Material und Methoden
Ganze ungeschnittene Cochleae von Cav1.3−/−- und Wildtypmäusen verschiedener postnataler Stadien wurden immungefärbt und mittels SLOT analysiert. Die Ergebnisse wurden mit Präparationen der Cochlea verglichen, die immungefärbt und mittels Fluoreszenzmikroskopie analysiert wurden. Zusätzlich wurden Cochleapräparationen mit Osmiumtetroxid angefärbt.
Ergebnisse
Die Visualisierung mittels SLOT zeigte, dass die Färbung der Nervenfasern an P27 in Cav1.3−/−-Mäusen im Vergleich zu Wildtypmäusen und zu früheren Zeitpunkten (P9) nahezu fehlte.
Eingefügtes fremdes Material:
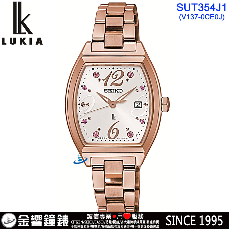 金響鐘錶精品購物網::專賣原廠公司貨:::歡迎議價或門市購買全年優惠 EST.1995 » SEIKO系列 » LUKIA 錶款 » LUKIA 太陽能錶款 » 客訂商品↘議價歡迎↘,SEIKO SUT354J1(公司貨,保固2年):::LUKIA,SOLAR,太陽能,V137機芯,藍寶石,日期,刷卡或3期,V137-0CE0J |
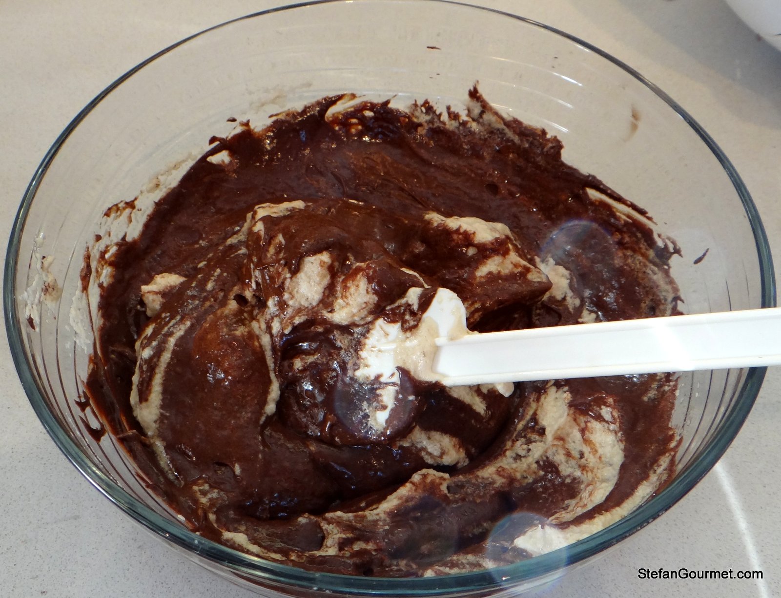 Carefully fold the egg whites into the chocolate mixture in three additions using a spatula, working from the bottom to the top and trying to keep as much air in as possible.

Die Analyse der Cochleapräparationen bestätigte eine Reduktion der radial verlaufenden Nervenfasern. Zusätzlich konnte die bereits beschriebene verringerte Anzahl an Ribbon-Synapsen pro innerer Haarzelle (IHZ) an P20 und P27 im apikalen Teil der Cochlea von Cav1.3−/−-Mäusen verifiziert werden.
Schlussfolgerung
Die Visualisierung ganzer, nichtzerlegter Cochleae durch SLOT ist eine geeignete Methode für die Analyse grober Phänotypveränderungen, wie dies in dem Cav1.3−/−-Mausmodell für die Nervenfasern gezeigt wurde. Für die Analyse von feineren Strukturen der Cochlea müssen allerdings weitere Methoden verwendet werden.